Fun is contagious. This axiom proves true for Sleeping in the Aviary: a bright and motley clothed bunch who are barely mumbling one minute and screaming manically the next; a pretty sick musical ensemble (in the previous metaphorical way, which is far less sold out than in the old school snow boarder slang sense). You have to be entertaining if you get bored enough to think up a band name like Sleeping in the Aviary. I heard they might be playing in Mini-soda soon. Go see, they really don’t suck that bad.

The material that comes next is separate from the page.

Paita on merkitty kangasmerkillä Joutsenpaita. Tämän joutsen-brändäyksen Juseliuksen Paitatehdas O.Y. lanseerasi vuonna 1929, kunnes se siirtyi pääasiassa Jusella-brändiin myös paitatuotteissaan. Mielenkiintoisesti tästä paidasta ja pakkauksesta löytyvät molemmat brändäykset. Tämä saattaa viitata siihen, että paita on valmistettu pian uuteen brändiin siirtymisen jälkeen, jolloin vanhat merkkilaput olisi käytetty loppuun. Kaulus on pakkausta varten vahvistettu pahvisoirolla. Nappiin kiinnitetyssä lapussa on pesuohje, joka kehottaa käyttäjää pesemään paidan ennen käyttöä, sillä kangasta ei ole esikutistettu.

Funk, e’Lectrick Warbabyz do it, to it

The dedicated month to recognize Black History brought forth a small gathering of culturally inclined and community oriented minds to enjoy one of the greatest musical genres invented in America, funk music. An underrated space in an underrated neighborhood, King Commons II in Harambee, played host to the e’Lectrick Warbabyz‘ Friday night performance. A squad of musicians stationed on bass, rhythm, guitar, drums, conga drums, and lead guitar lent support to a vocalist and vocal backup, who together tore a whole in the cheap musical fabric that dominates contemporary rhythm and blues.

photo by Angela Smith

Evoking the theatrics and character-making of the founding era of funk music, in full agbada, the lead vocal urged the crowd to “Do what you do” behind infectious guitar riffs and bass scales. Kick drums smashed sound waves “on-the-one” emphasizing the warning made in their chorus that the e’Lectrick Warbabyz will “Take you to the Darkside”. Customarily, the band members broke into solos, highlighted by a hundred hand slaps on a set of six congas and a searing guitar solo.

photo by Angela Smith

Adjacent to the better known Riverwest and Brewer’s Hill neighborhoods, the Harambee neighborhood has a long history as home base to Black arts and community building in Milwaukee. Known as Bronzeville in the 1950’s, 3rd street was a thoroughfare to thriving Black business. During the 1960’s Bronzeville lost viability from redlining, “block-busting” and the construction of I-43, culminating with crime and blight in the 1980’s and 90’s. In spite of the adversity, some of Milwaukee’s richest cultural outlets such as America’s Black Holocaust Museum and the Milwaukee Inner City Art Council remained as pillars of the neighborhood through the down period.

photo by Angela Smith

Harambee’s backbone today is still Martin Luther King Drive (3rd Street). Hard-knocks could not completely extinguish the embers of soul that warm the Black arts community here. A testament to those who refused to abandon MLK Drive north of North Avenue, the e’Lectrick Warbabyz performance commemorated the neighborhood’s legacy and gave a preview of what Harambee has to offer in the present day.

Although a throwback to a bygone era, funk represents the bridge from Motown to the South Bronx and therefore the genre will always have relevance to music. Worthy of bookings and boogie-ing crowds, the e’Lectrick Warbabyz incarnation of that “Fiii-ire” could fill a terrible void in the Milwaukee live music scene.